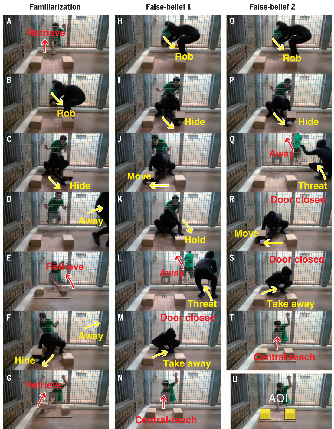
Fig. 2. Events shown in experiment two. (A to G) Familiarization. (H to M) Belief induction for the FB1 condition. (N to S) Belief induction for FB2. (T) Central reach for FB1. (U) AOI defined for the target and distractor boxes. Following the infant study (10), we included an additional action in FB1 [KK touched the distractor box (K)] to control for subjects looking to the last place that the actor attended. See movie S2.

(FB1) or absent (FB2). In both conditions, the object was then completely removed before the agent returned to search for it. The actions presented during the induction phase controlled for several low-level cues—namely, that participants could not solve the task by simply expecting the agent to search in the first or last location where the object was hidden or the last location where the agent attended (10). Whether the object was hidden first in the left or right location during familiarization trials and whether the target of the agent's false belief was the left or right lo-
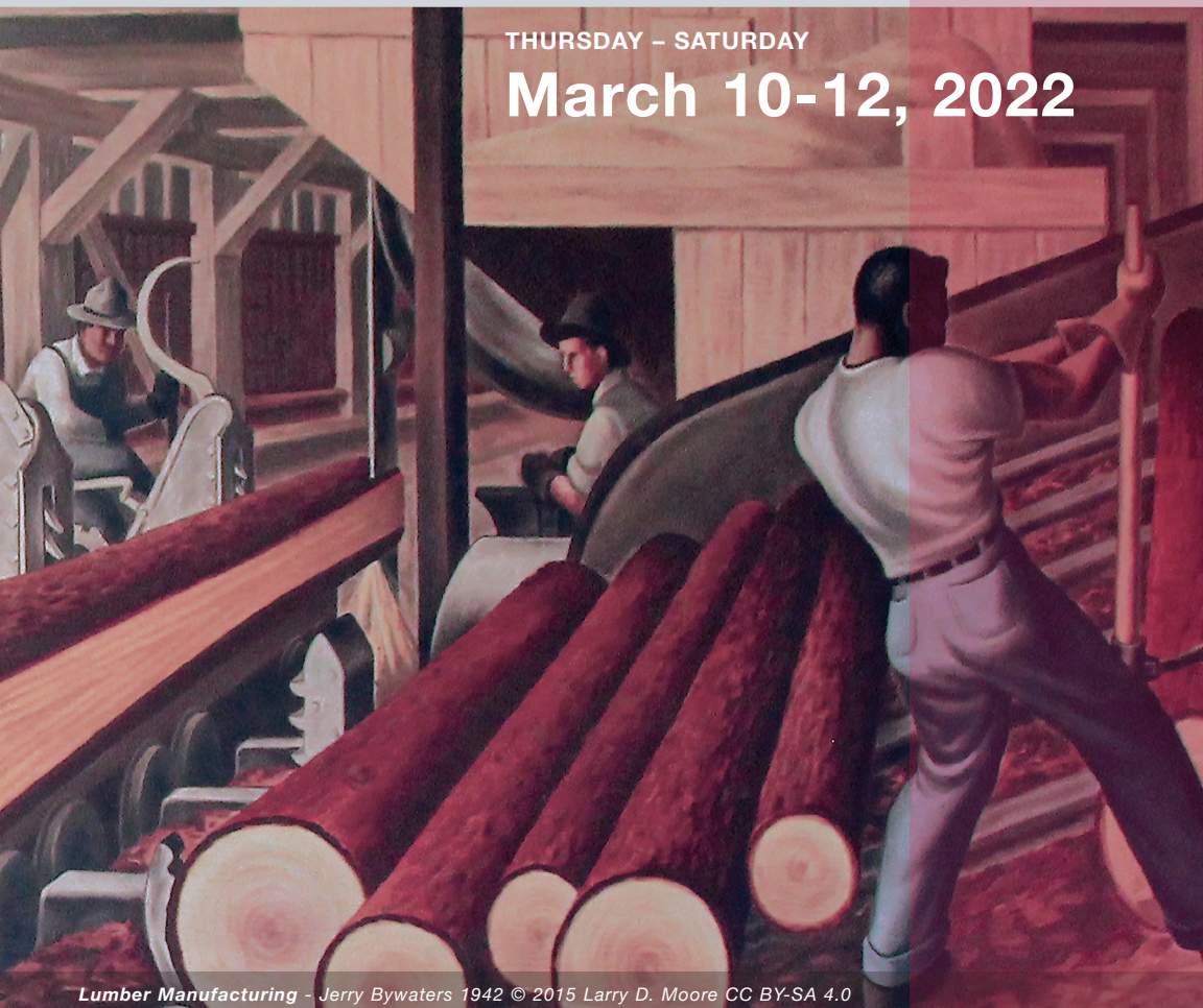
Lumber Manufacturing - Jerry Bywaters 1942

________

Problem description
Check the listing above for lines containing the string "induction", and copy each one.

Problem solution
Fig. 2. Events shown in experiment two. (A to G) Familiarization. (H to M) Belief induction for the FB1 condition. (N to S) Belief induction for FB2. (T) Central reach for FB1. (U) AOI defined for the target and distractor boxes. Following the infant study (10), we included an additional action in FB1 [KK touched the distractor box (K)] to control for subjects looking to the last place that the actor attended. See movie S2.
(FB1) or absent (FB2). In both conditions, the object was then completely removed before the agent returned to search for it. The actions presented during the induction phase controlled for several low-level cues—namely, that participants could not solve the task by simply expecting the agent to search in the first or last location where the object was hidden or the last location where the agent attended (10). Whether the object was hidden first in the left or right location during familiarization trials and whether the target of the agent's false belief was the left or right lo-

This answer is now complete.